Tuve la oportunidad de charlar unos momentos con un joven corredor, que iba a la otra carrera, la 11KM Witzenmann, que también se celebraba en ese día.
-¡Uf! Esta media es muy dura -me dijo-. Tiene muchas cuestas.
-Lo sé -le respondí-. He leído que es una de las más duras de España. A ver qué tal se me da.
Me contó que amaba correr. Que quería seguir haciéndolo muchos años.
-¿Sabes por qué me encanta la media maratón? Porque nunca estoy seguro de que la voy a poder terminar -le solté, casi sin venir a cuento, porque me encanta contar esto a todo el mundo.

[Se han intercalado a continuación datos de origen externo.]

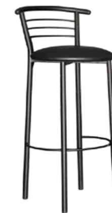
Marco hoker black

Me dirigió una sonrisa de complicidad y nos deseamos suerte. El salió y yo permanecí un poco más.
Al poco salí a calentar por la pista de atletismo. Había poca gente. Una chica rubia daba vueltas y vueltas. Imagino que ella no iba a participar en ninguna de las dos carreras, porque si no llegaría fatigada antes de empezar. Traté de calentar bien sin forzar. No quería que me pasara como en Moratalaz, que sufrí unas fuertes molestias desde el kilómetro 3.
Media hora antes salí afuera del estadio, donde estaban unos puestos y el arco de meta. ¡Era impresionante el ambiente que se respiraba! Música, amigos que se encontraban, un locutor animando, pero animando de verdad, no como el soso de Moratalaz. En un momento, el megáfono nos sugirió que debíamos ir al arco de salida, que se encontraba algunos metros más arriba del de meta y allá fuimos. ¡Qué sorpresa me llevé cuando vi que allí no había detector del chip! Eso significaba que no era posible registrar el tiempo real que haces. A efectos prácticos, que iba a marcar unos cuantos segundos, calculo entre 20 y 40, más de lo que realmente hubiera tardado si me registra la salida en el momento en que pasara por debajo del arco.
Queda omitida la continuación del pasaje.